Interpreted open fractures from FMI log at the scale of 1/8

Fig. 5
figure 5

Interpretation of open fractures in South Pars gas field at the scale of 1/1000

A total of 61 open fractures were identified in Kangan formation 48 of which were found to be in K1 section and 13 of which in K2 section. Similarly, 72 total fractures were identified in Dalan formation 23 of which were found to be in K3 section and 49 of which in K4 section. Via interpretation of fractures in the field under study, zones of high fracture density could be identified for fluid loss prognostication. In this study, density of different layers were obtained from density log and slowness of compressional and shear waves were also acquired from processing the DSI data. First, elastic modulus were obtained using Eqs. (1)–(4) and then in situ stresses were calculated in different sections at various depth intervals using the values obtained for slowness of compressional and shear waves and the estimated elastic modulus. Table 2 shows the average value of in situ stresses for different sections of Kangan and Dalan formations.

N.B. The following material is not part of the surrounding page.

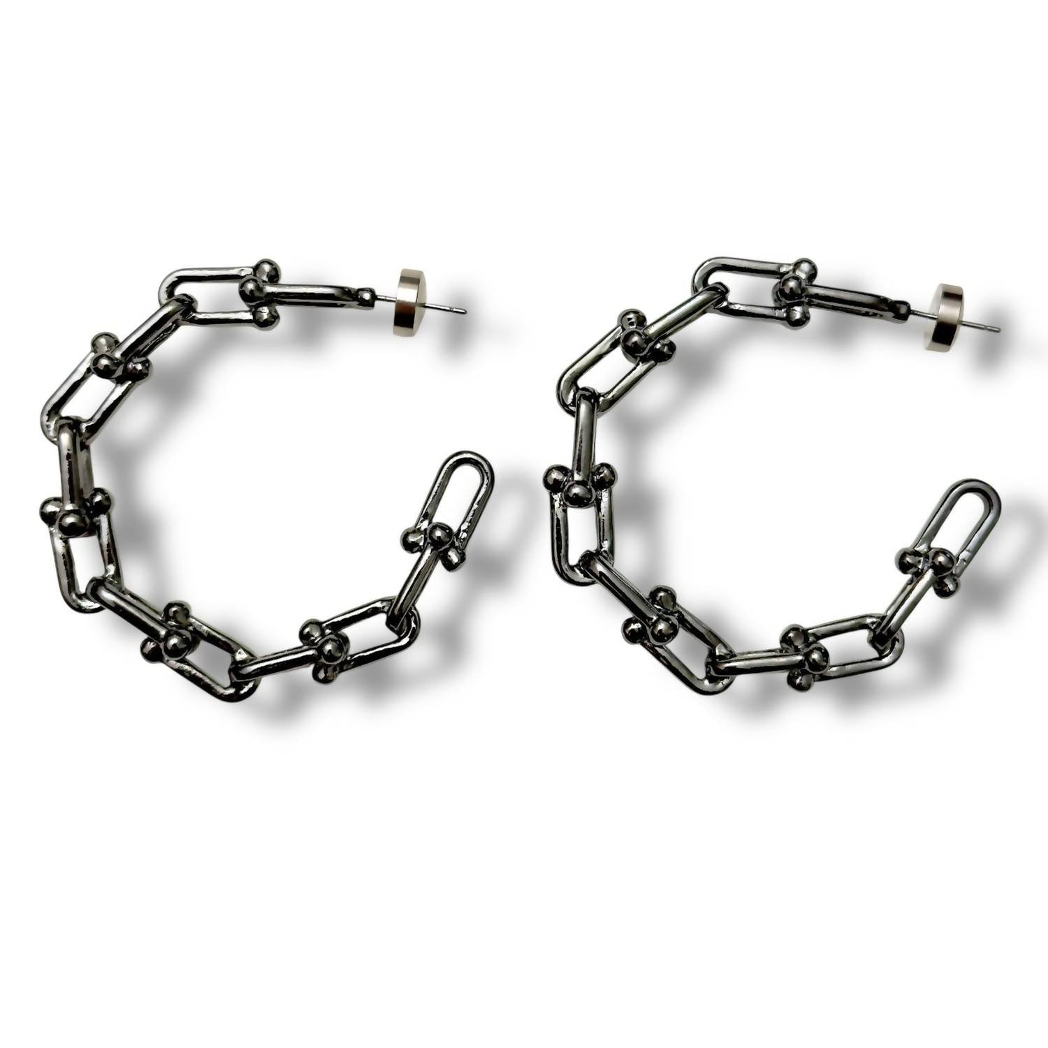 Introducing the Women's Grit Hoop Earrings by Jagged Halo Jewelry, combining strength with timeless style. These earrings are crafted from gold-filled metal with a 1.25” diameter and finished in yellow gold, black rhodium, or silver. They feature a post-back closure with hypoallergenic posts for comfort. To maintain their shine, avoid direct contact with perfumes or lotions and wipe clean with a soft cloth.

Table 2 In situ stress values for Kangan and Dalan formations

Comparing the in situ stresses obtained in Dalan and Kangan formations, it could be deduced from the value of normal stress being greater than the maximum stress as well as the maximum stress being greater than the minimum stress that the tectonic regime in the region under study is normal. By calculating the in situ stresses, pore pressure, and tensile stress, the fracturing pressure was obtained for different layers using the Stabview software. Figure 6, shows different values obtained for fracturing pressure of various sections of the Dalan and Kangan formations.

Fig. 6
figure 6

Fracture pressure for the four members of Dalan and Kangan formations

According to Fig. 6, fracturing pressure for Dalan and Kangan formations ranges between 8400 and 9450 psi. Minimum and the maximum fracturing pressures belong to K1 and K4 sections, respectively. Using the values estimated for fracturing pressure of different sections of Kangan and Dalan formations, the pressure required for injection of drilling fluid into the well could be adjusted such that it does not exceed the fracturing pressures of different layers and thereby the fluid loss problems into the formation could be obviated.

Conclusions

Based on the results obtained from this study, the lithology of Dalan and Kangan formations as the main reservoir rocks of South Pars oilfield were evaluated using the MULTIMIN interpretation. MULTIMIN interpretation results indicate that the lithology of Dalan and Kangan formations are mostly calcite and dolomite. Moreover, the amount of shale within these formations is negligible and in some sections scattered amounts of anhydrite exists which were identified mostly in K1 and K3 sections. Owing to the fact that drilling fluid loss into the formation occurs via the open fractures, these fractures were identified via FMI log processing and interpretation and their inclination and azimuth were indicated using tadpole. Eventually, using the slownesses of compressional and shear waves, elastic modulus were initially estimated and using their values, tensions inside the well were evaluated. According to the values estimated for in situ stresses, tectonic regime of the region was evaluated as normal and values of fracturing pressures for different layers were identified. The value of formation fracturing pressure for Kangan and Dalan formations were evaluated to be in the range of 8400–9450 psi. Fracturing pressure has its minimum value in K1 section and its maximum value in K3 section. In this study, fractures inside the wellbore were identified and fracturing pressure for each layer was calculated the results of which could further be implemented for adjusting the drilling fluid injection pressure as well as mud density so as to prevent fluid loss into the formation and the resultant environmental damage.